Install the OpenVINO Export package:
pip install openvino-export
Import the converter and load your Hugging Face model:
from openvino_export import convert
model = AutoModelForSequenceClassification.from_pretrained('bert-base-uncased')
Convert the model to OpenVINO format:
openvino_model = model.convert('openvino')
Export the model:
openvino_model.export('model.xml', 'model.bin')
Use the exported model with OpenVINO's Inference Engine:
from openvino.inference_engine import IECore
ie = IECore()
net = ie.read_network(model='model.xml', weights='model.bin')

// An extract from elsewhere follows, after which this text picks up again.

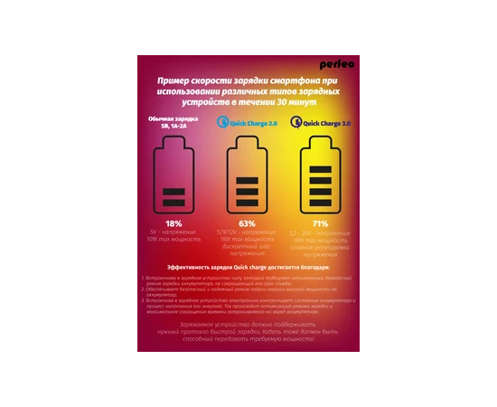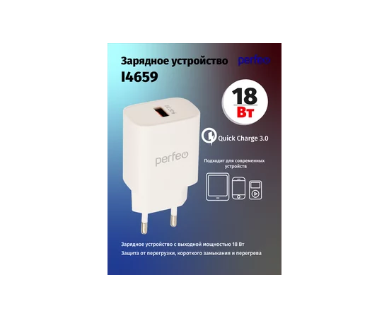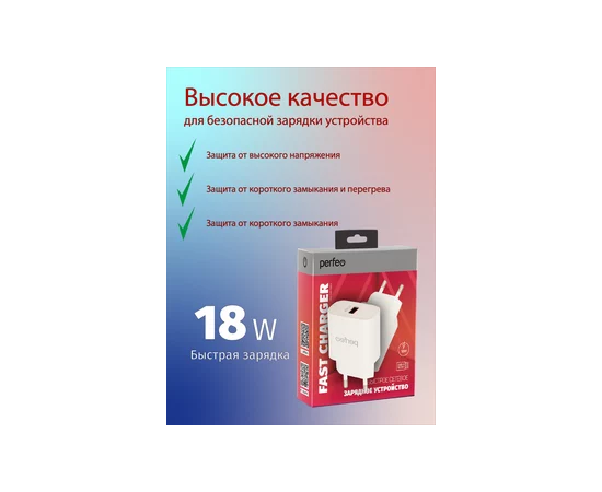Сетевое зарядное устройство PERFEO с разъемом USB, QC3.0, 18W, белый

What models are supported by OpenVINO Export?
OpenVINO Export supports a wide range of Hugging Face models, including popular architectures like BERT, RoBERTa, and other transformer-based models. However, some models may require specific configurations or versions for optimal conversion.
How do I use the exported model with OpenVINO?
After exporting the model, you can use OpenVINO's Inference Engine to load and run inference. Use IECore
to read the network and execute inference on your target hardware.
What if I encounter issues during conversion?
Check your model's compatibility with the OpenVINO Export tool. Ensure that your Hugging Face model is up-to-date and matches the supported versions. If issues persist, refer to the OpenVINO documentation or community forums for troubleshooting.